Source data:

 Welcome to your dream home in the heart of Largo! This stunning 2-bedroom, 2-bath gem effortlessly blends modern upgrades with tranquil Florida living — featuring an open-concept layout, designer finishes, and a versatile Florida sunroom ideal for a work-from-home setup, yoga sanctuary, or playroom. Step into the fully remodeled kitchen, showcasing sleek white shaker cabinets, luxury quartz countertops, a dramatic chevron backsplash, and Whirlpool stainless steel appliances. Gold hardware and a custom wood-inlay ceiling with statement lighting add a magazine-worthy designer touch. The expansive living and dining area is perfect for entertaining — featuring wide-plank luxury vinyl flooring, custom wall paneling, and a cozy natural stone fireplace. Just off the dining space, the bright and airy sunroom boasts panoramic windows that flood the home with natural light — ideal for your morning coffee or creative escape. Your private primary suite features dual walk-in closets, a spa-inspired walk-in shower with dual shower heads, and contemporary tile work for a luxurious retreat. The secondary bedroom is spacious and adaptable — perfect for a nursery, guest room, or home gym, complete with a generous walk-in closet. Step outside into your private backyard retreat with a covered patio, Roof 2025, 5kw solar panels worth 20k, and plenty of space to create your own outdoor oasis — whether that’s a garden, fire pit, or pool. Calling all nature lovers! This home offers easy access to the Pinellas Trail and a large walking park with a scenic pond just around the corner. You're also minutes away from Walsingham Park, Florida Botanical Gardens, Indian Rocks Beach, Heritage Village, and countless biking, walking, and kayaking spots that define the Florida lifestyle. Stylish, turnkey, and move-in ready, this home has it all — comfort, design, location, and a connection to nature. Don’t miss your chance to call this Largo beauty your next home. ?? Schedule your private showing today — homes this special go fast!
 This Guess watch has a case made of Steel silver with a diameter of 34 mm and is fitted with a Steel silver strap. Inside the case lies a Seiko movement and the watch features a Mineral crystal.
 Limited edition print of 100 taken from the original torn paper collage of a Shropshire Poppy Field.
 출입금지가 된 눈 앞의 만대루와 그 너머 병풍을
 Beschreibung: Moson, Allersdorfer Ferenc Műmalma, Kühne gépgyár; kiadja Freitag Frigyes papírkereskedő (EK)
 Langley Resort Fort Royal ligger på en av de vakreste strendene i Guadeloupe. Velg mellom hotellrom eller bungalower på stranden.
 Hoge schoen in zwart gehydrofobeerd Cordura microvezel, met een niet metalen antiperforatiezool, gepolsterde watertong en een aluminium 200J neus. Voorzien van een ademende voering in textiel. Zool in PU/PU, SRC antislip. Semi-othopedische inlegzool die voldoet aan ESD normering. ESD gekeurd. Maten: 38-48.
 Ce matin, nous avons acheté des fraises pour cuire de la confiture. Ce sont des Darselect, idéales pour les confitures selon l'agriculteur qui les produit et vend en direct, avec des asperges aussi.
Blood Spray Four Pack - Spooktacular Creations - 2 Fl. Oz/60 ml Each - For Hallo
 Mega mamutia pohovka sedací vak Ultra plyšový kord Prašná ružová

Problem to work on:
Leaving out every line before the one with "Beschreibung: Moson, Allersdorfer", print the rest of the listing above exactly, through its final line.

Result:
 Beschreibung: Moson, Allersdorfer Ferenc Műmalma, Kühne gépgyár; kiadja Freitag Frigyes papírkereskedő (EK)
 Langley Resort Fort Royal ligger på en av de vakreste strendene i Guadeloupe. Velg mellom hotellrom eller bungalower på stranden.
 Hoge schoen in zwart gehydrofobeerd Cordura microvezel, met een niet metalen antiperforatiezool, gepolsterde watertong en een aluminium 200J neus. Voorzien van een ademende voering in textiel. Zool in PU/PU, SRC antislip. Semi-othopedische inlegzool die voldoet aan ESD normering. ESD gekeurd. Maten: 38-48.
 Ce matin, nous avons acheté des fraises pour cuire de la confiture. Ce sont des Darselect, idéales pour les confitures selon l'agriculteur qui les produit et vend en direct, avec des asperges aussi.
Blood Spray Four Pack - Spooktacular Creations - 2 Fl. Oz/60 ml Each - For Hallo
 Mega mamutia pohovka sedací vak Ultra plyšový kord Prašná ružová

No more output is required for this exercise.